> _Prompt_
Repeat the listing verbatim. Drop any pictures.

> _The data_
......

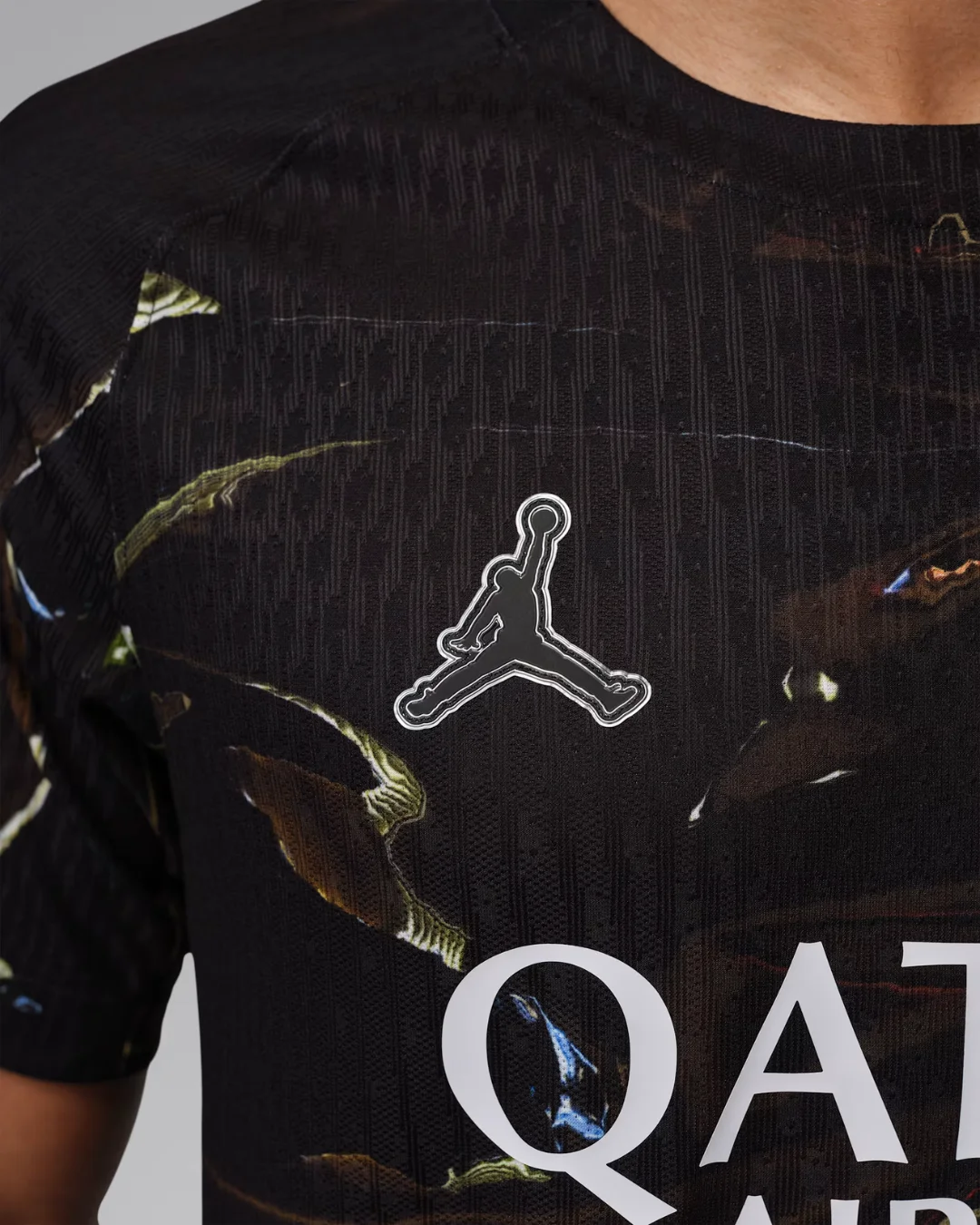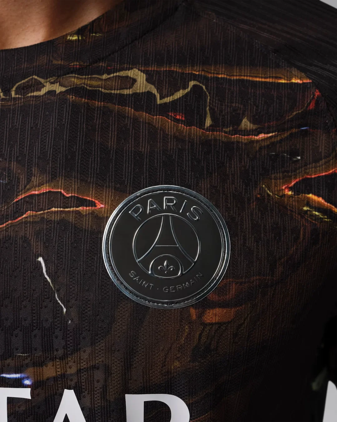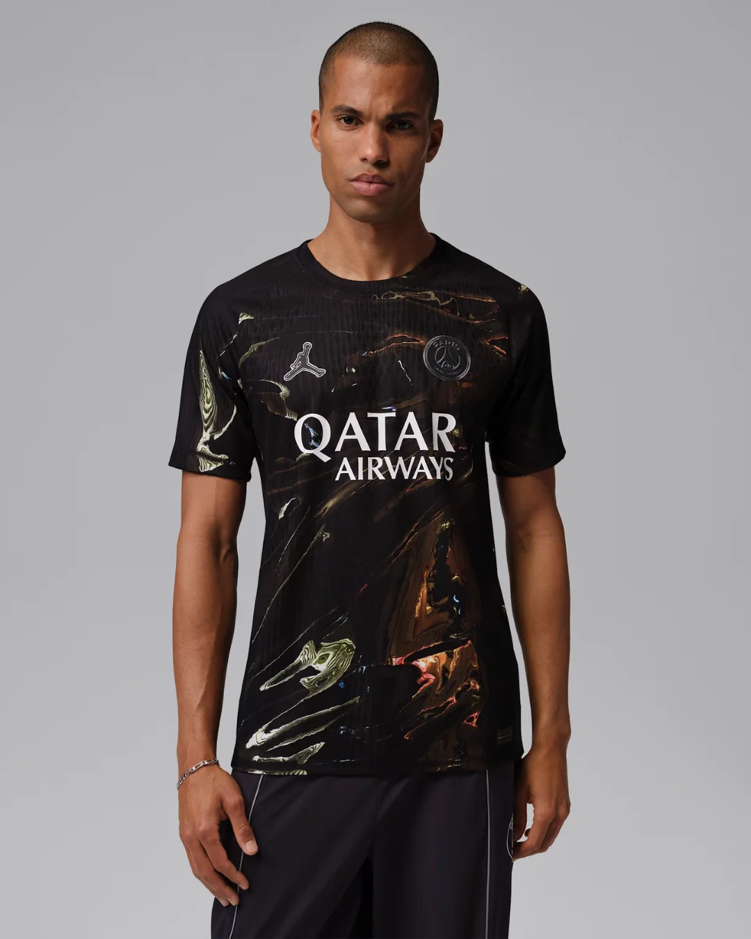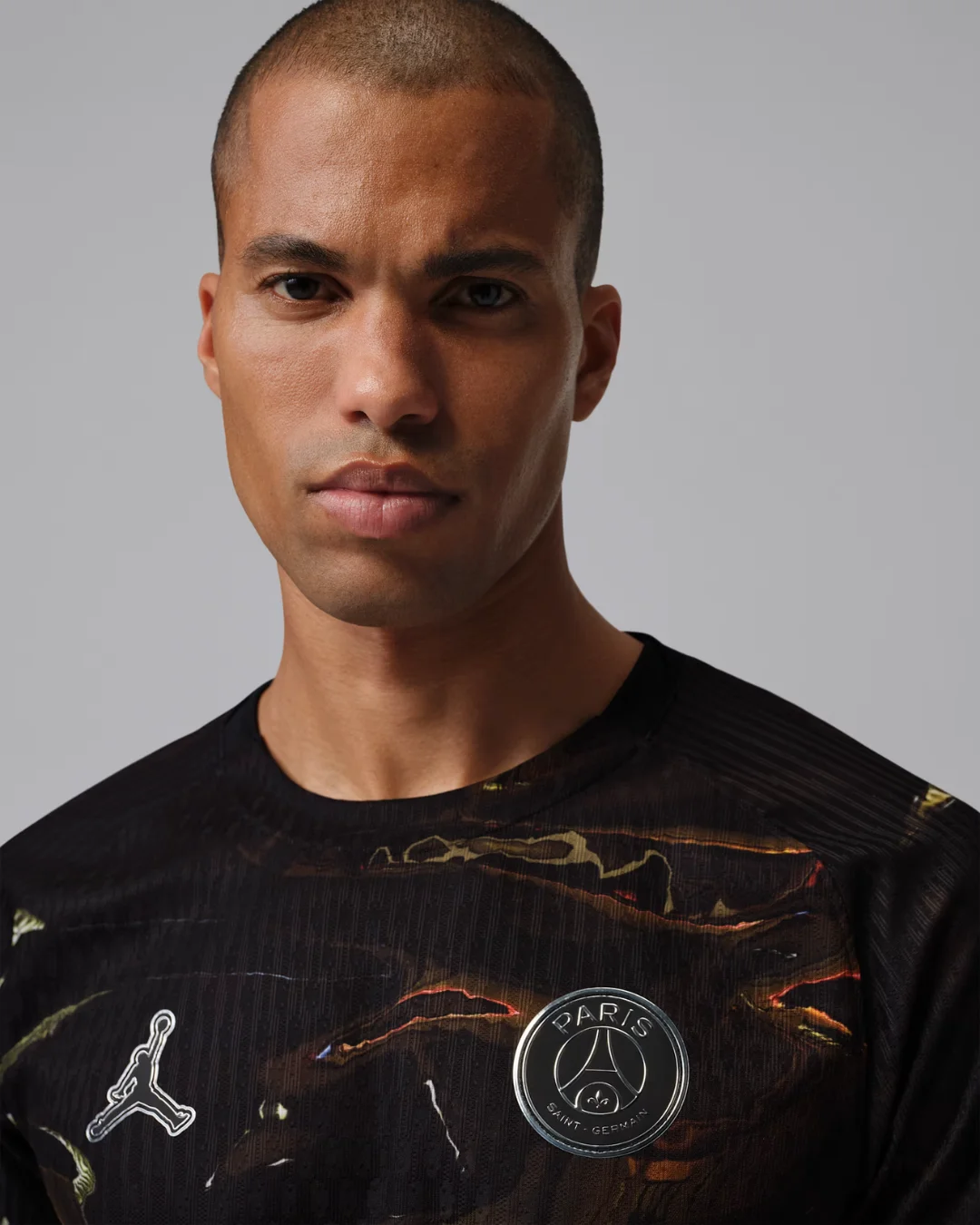 Jumpman logo, PSG crest, and fluid metallic graphics
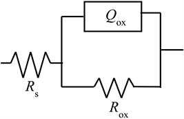 the passive metallic material is hindered by the presence of a surface oxide film that acts as a barrier-type compact layer [13] [30] [31] . The equivalent circuit consists of a series combination of the aggressive environment resistance, Rs, and a single parallel constant phase element/resistor pair, Qox/Rox, describing the properties of the passive film formed on the investigate materials, respectively the capacitance and resistance of the compact oxide layer.
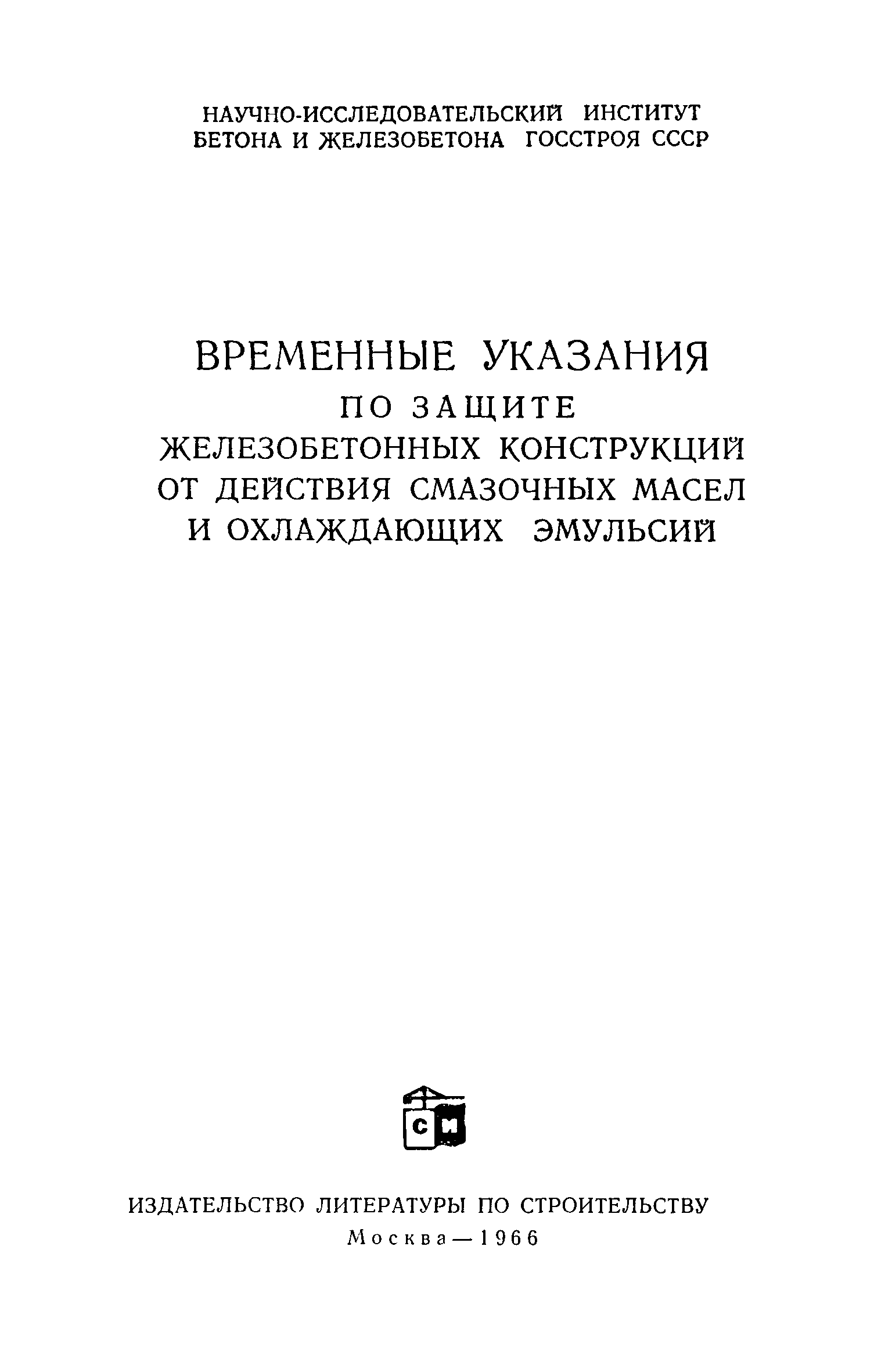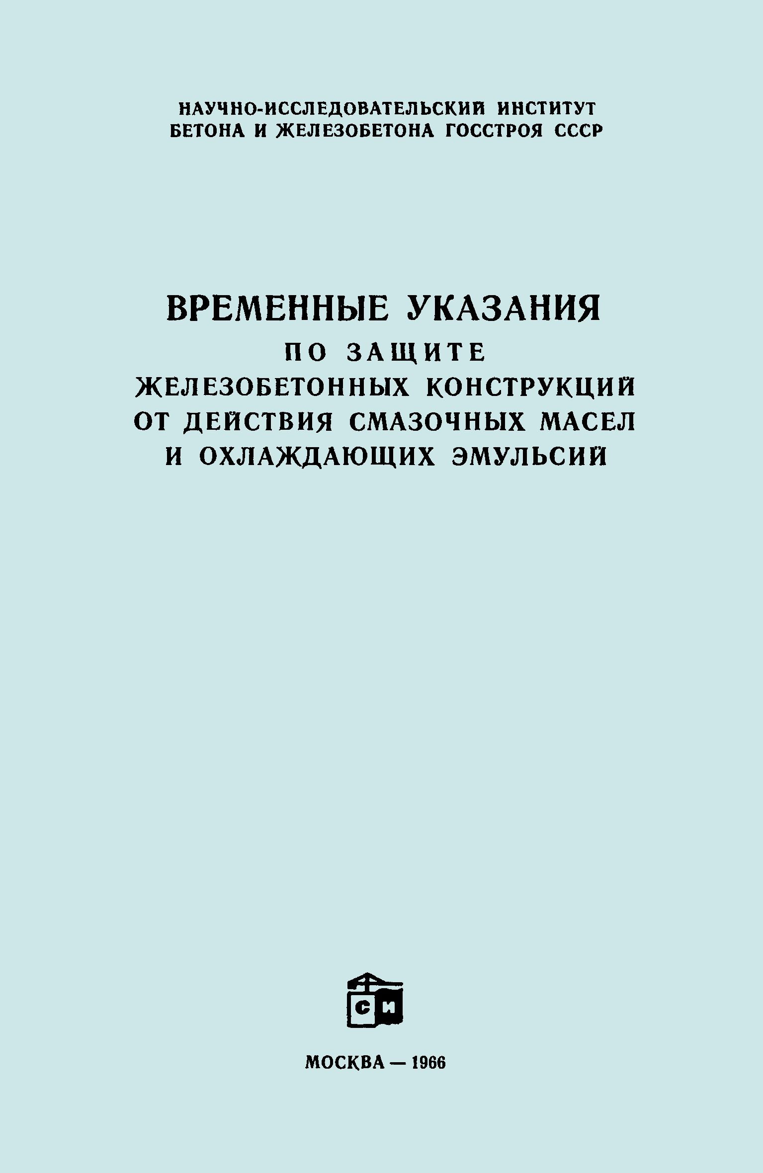 | Название рус.: | Временные указания по защите железобетонных конструкций от действия смазочных масел и охлаждающих эмульсий |
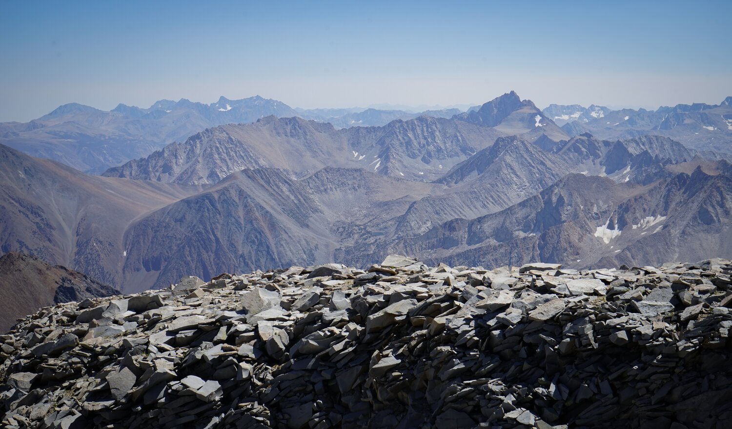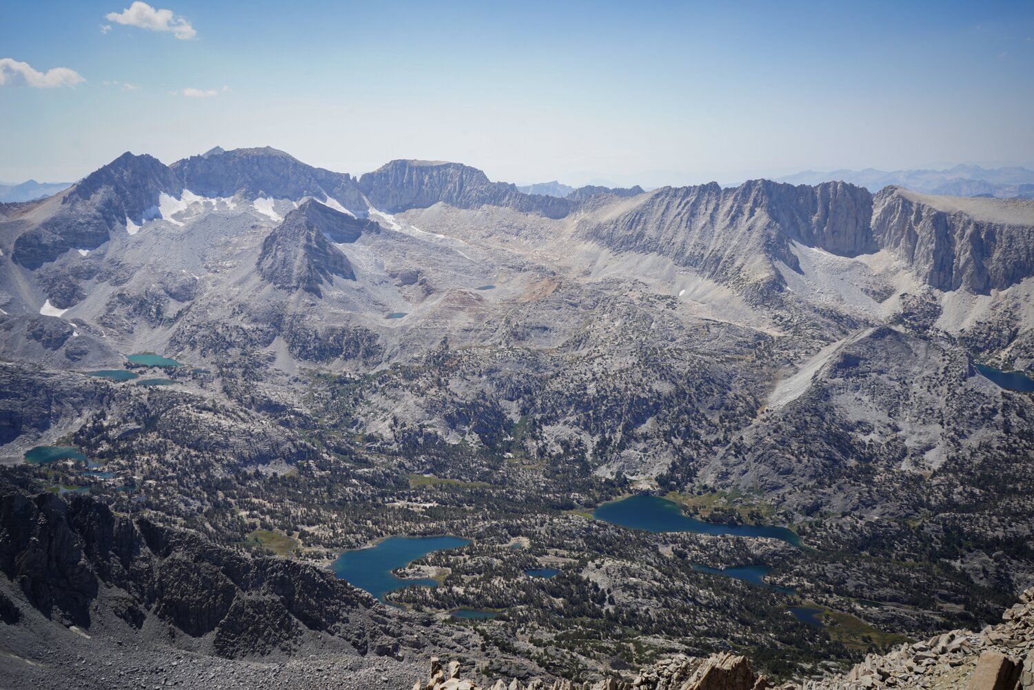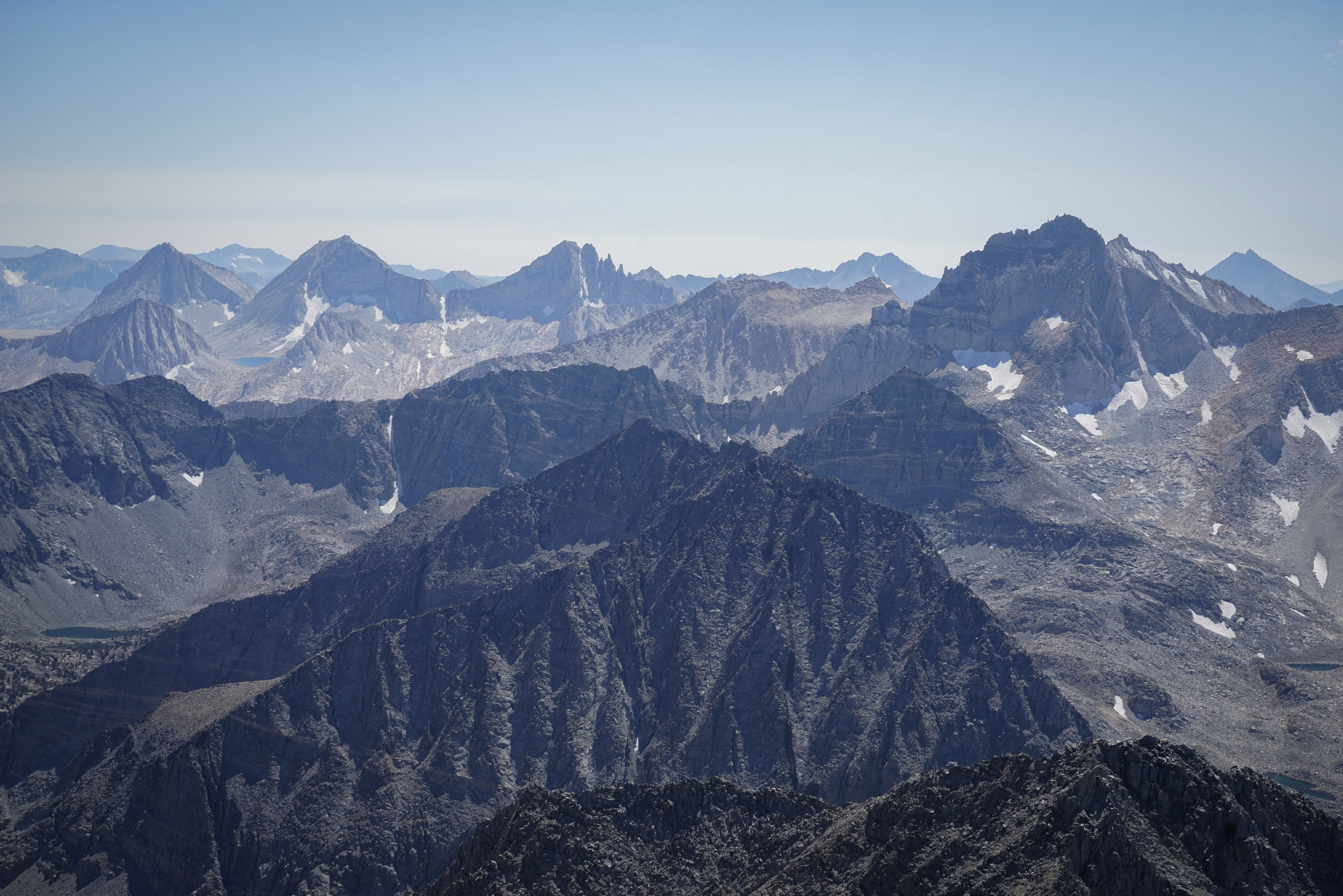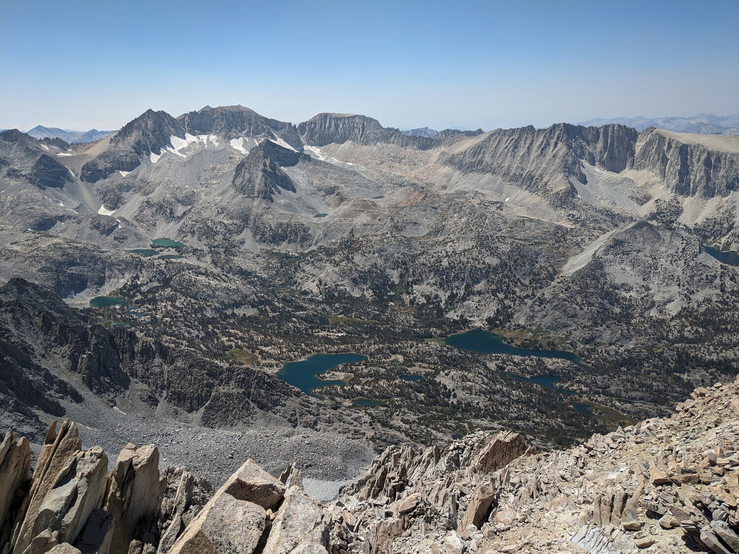 To the south there was a detached, flat-topped pinnacle and an expansive view of the central and southern Sierra, including the Palisades, Mount Humphreys, Mount Darwin and the Glacier Divide, and Mount Goddard.

......

> _Reply to the task_
 Jumpman logo, PSG crest, and fluid metallic graphics
 the passive metallic material is hindered by the presence of a surface oxide film that acts as a barrier-type compact layer [13] [30] [31] . The equivalent circuit consists of a series combination of the aggressive environment resistance, Rs, and a single parallel constant phase element/resistor pair, Qox/Rox, describing the properties of the passive film formed on the investigate materials, respectively the capacitance and resistance of the compact oxide layer.
 | Название рус.: | Временные указания по защите железобетонных конструкций от действия смазочных масел и охлаждающих эмульсий |
 To the south there was a detached, flat-topped pinnacle and an expansive view of the central and southern Sierra, including the Palisades, Mount Humphreys, Mount Darwin and the Glacier Divide, and Mount Goddard.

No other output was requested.